DATA FOR THIS TASK:
....

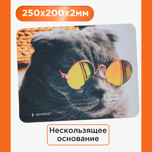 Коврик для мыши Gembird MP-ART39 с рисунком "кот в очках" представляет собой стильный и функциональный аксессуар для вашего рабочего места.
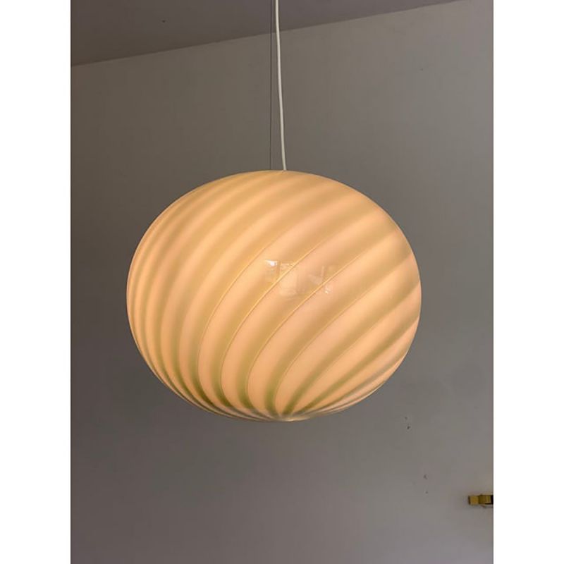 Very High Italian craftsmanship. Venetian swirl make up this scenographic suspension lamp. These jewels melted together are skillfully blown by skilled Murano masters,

....

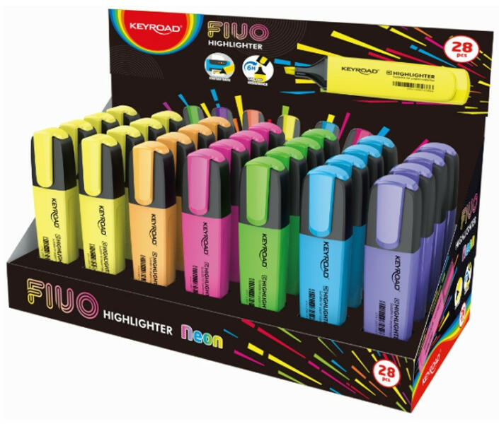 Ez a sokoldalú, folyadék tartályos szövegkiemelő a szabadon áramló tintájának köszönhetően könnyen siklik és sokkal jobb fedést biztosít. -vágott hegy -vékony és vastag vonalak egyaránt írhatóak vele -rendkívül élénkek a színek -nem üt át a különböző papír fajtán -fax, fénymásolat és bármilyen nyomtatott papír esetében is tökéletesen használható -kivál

....

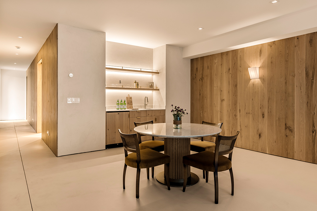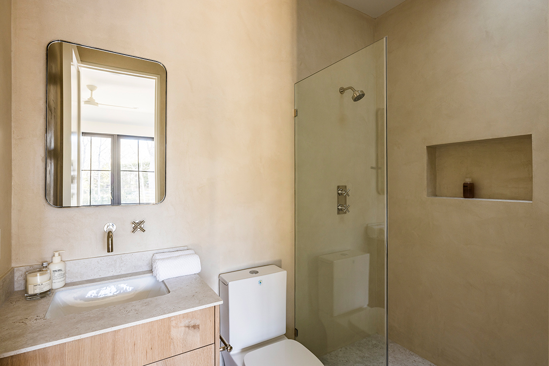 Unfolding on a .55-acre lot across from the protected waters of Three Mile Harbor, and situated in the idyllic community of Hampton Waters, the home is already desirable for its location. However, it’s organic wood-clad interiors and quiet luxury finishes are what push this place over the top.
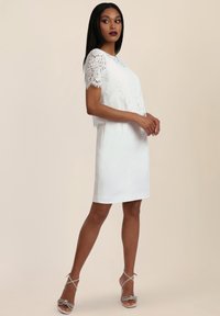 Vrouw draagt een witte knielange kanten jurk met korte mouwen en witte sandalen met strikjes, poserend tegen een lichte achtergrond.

....

WHAT THE EXERCISE ASKS: When you reach the line that has "Коврик для мыши" in the data above, start repeating lines exactly, and stop after the line that has "Very High Italian"; pictures stay out.

TASK SOLUTION:
 Коврик для мыши Gembird MP-ART39 с рисунком "кот в очках" представляет собой стильный и функциональный аксессуар для вашего рабочего места.
 Very High Italian craftsmanship. Venetian swirl make up this scenographic suspension lamp. These jewels melted together are skillfully blown by skilled Murano masters,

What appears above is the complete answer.